Monday, May 4, 2009

Tired...

I am tired tonight.

I'm tired working my butt off in hopes that I'll get a permanent position within my board only to hear that there's going to be none available.

I'm tired of having to prove myself over and over again, and worrying constantly about where I'll be working next year (or if I'll be working next year).

I'm tired of doing a job that I love so much while feeling that I am never doing it good enough.

I'm tired of waiting for all of the things that I want most in life only to feel like they are never going to happen.

I'm tired of feeling guilty for being tired of all of these things.

I'm tired.

B.

2 comments:

Emily said...

Hey sweet B. It's ok to be tired sometimes, don't feel bad. Some days just do that to you ... especially Mondays, stuuupid Mondays!

I (more Andy) can relate a bit on the teaching thing. LTO-ing and supplying can get old, and when you know it's what you want, you just want it to work itself out already!

Waiting is just not natural. We want what we want when our hearts desire it. Yet, we trust God's timing above our own. And that, you guessed it, is tiring!

Don't feel guilty, just be there in your tiredness and bring that to God. He can handle it, the good, the bad, the tired. He can take it all.

You are on my thoughts and in my prayers!

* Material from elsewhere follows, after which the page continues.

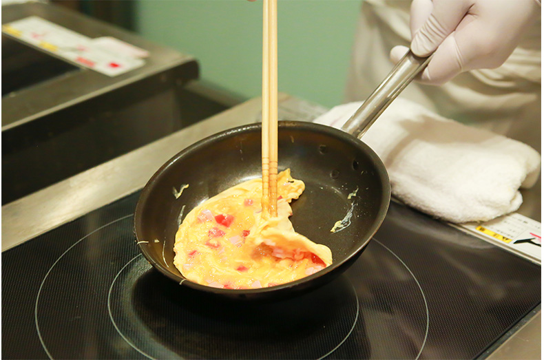 華麗なフライパン捌きであっという間に焼き上がるオムレツ
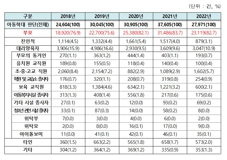 아동학대 사례 중 절대적 비중을 차지하는 것은 ‘가정 내’ 학대이다. 지난해 9월 보건복지부가 발표한 ‘2022년 아동학대 연차보고서’에 따르면 전체 학대행위자 중 부모의 비중이 82.7%로 절대적인 비중을 차지하고 있으며, 학대장소도 ‘가정 내’에서 발생한 비중이 81.3%를 차지한다. 부산지역 역시 부모가 학대행위자인 경우는 (’20년)81.2%→(’21년)82.0%→(’22년)76.9%였다.

p.s. If I lived closer, I would make you cookies and bring them over. :)

Rhonda said...

Been there, done that. It's horrible! My heart goes out to all of you young teachers who are trying to get in. Sometimes I felt so weary of walking on eggs. I still get excited every time I see my name on my classroom door or on a report card. After being where you are I don't think I will ever take my job for granted.